Galaxy pipeline interface — running the analysis
This Galaxy instance is a fork of the main codebase containing a custom pipeline interface in addition to all of the standard Galaxy tools. It provides an intuitive way to select FASTQ files for processing. Login with the demonstration account (user: firstname.lastname@example.org; password: example) and load FASTQ files along with target and bait BED files into your active history. Then work through the pipeline wizard step by step to start an analysis:
The Galaxy interface builds a configuration file describing the parameters and inputs, and submits this to the backend analysis server. This server kicks off processing, distributing the analysis across the SGE cluster. For the test data, processing will take approximately 4 hours on a cluster with a single additional work node (Large instance type).
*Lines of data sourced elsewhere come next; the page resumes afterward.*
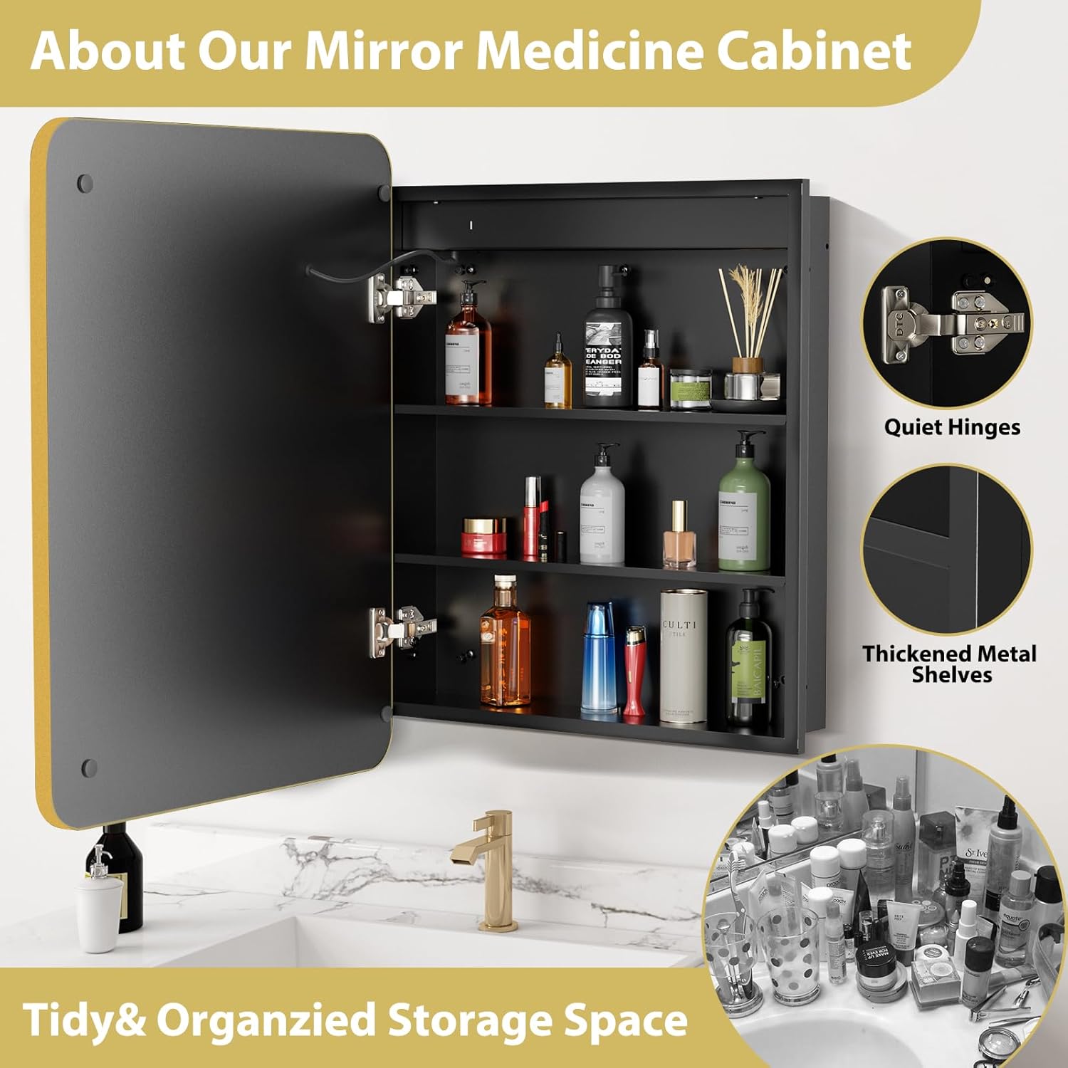 | Additional Features | IP44 waterproof; LED Light;Metal Frame, Rust-Proof, Moisture-Proof, Shatter-Proof; Silent hinge; 3-tier shelf; Tempered Glass |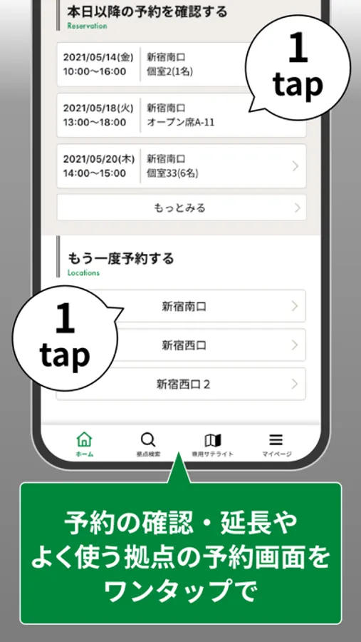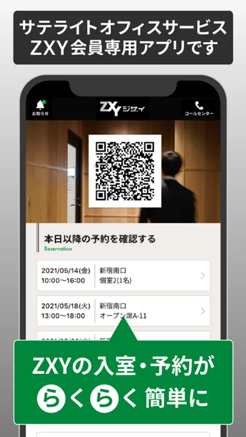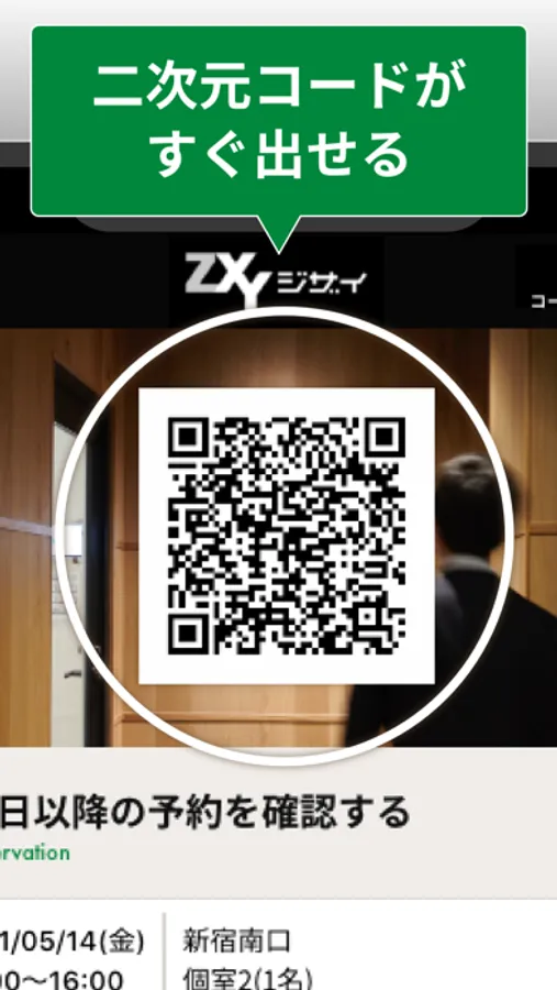 予約可能なZXYを地図上で検索、ワンタップで入退室用二次元コードを表示するなど、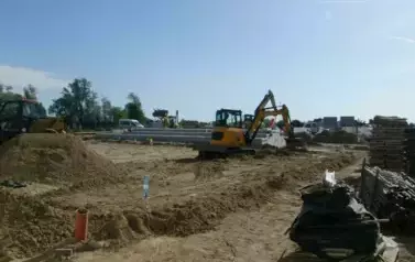 Wykonywane są roboty budowlane w ramach zadania pn. Budowa kompleksu sportowego Zespołu Szkół Technicznych im. E. Kwiatkowskiego przy ul. Nowy Świat – budowa boisk wielofunkcyjnych.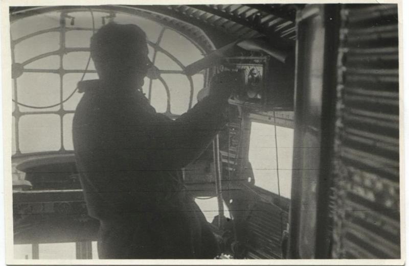 Аккуратов Валентин Иванович в штурманской кабине самолета Н-169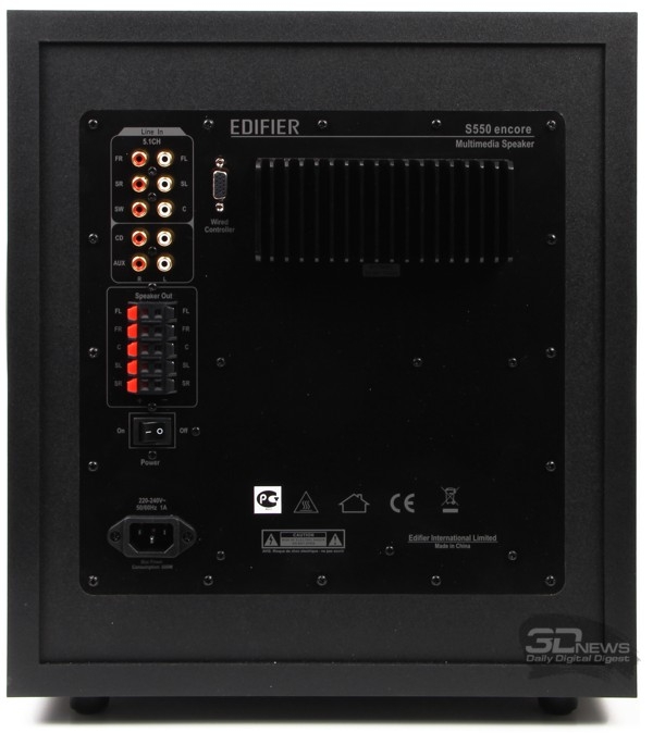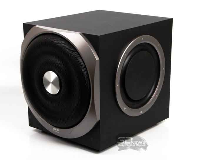 Сабвуфер системы Edifier S550 Encore по традиции объединяет в себе интегрированный блок питания, коммутационные и усилительные цепи. Гигантский «почти куб» (глубина корпуса слегка превышает высоту и ширину) армирован с фронтальной плоскости мощной несъёмной решёткой, повторяющей форму динамика. В свою очередь, решетка декорирована дополнительной пластиковой фальшпанелью серебристого цвета. Прорезиненные диффузоры пассивных излучателей расположены по бокам сабвуфера и декоративным покрытием не оснащаются.

Galaxy — retrieving and displaying results
The analysis pipeline uploads the finalized results into Galaxy data libraries. For this demonstration, the example user has results from a previous run in the data library so you don’t need to wait for the analysis to finish. This folder contains alignment data in BAM format, coverage information in BigWig format, a VCF file of variant calls, a tab separate file with predicted variant effects, and a PDF file of summary information. After importing these into your active Galaxy history, you can perform additional analysis on the data, including visualization in the UCSC genome browser:
As a reminder, don’t forget to terminate your cluster when finished. You can do this either from the CloudMan web interface or the Amazon console.
Analysis pipeline details and extending this work
The backend analysis pipeline is a freely available set of Python modules included on the CloudBioLinux AMI. The pipeline closely follows current best practice variant detection recommendations from the Broad GATK team:
- FASTQ alignment with BWA; source code
- Base quality score recalibration with GATK: source code
- Local realignment around indels with GATK: source code:
- Variant calling (SNPs and indels) using the GATK Unified Genotyper: source code
- Variant effect estimation with snpEff: source code
- Read coverage visualization with wigToBigWig: source code
The pipeline framework design is general, allowing incorporation of alternative aligners or variant calling algorithms.
We hope that in addition to being directly useful, this framework can fit within the work environments of other developers. The flexible toolkit used is: CloudBioLinux with open source bioinformatics libraries, CloudMan with a managed SGE cluster, Galaxy with a custom pipeline interface, and finally Python to parallelize and manage the processing. We invite you to fork and extend any of the different components. Thank you again to everyone for the amazing feedback on the analysis pipeline and CloudBioLinux.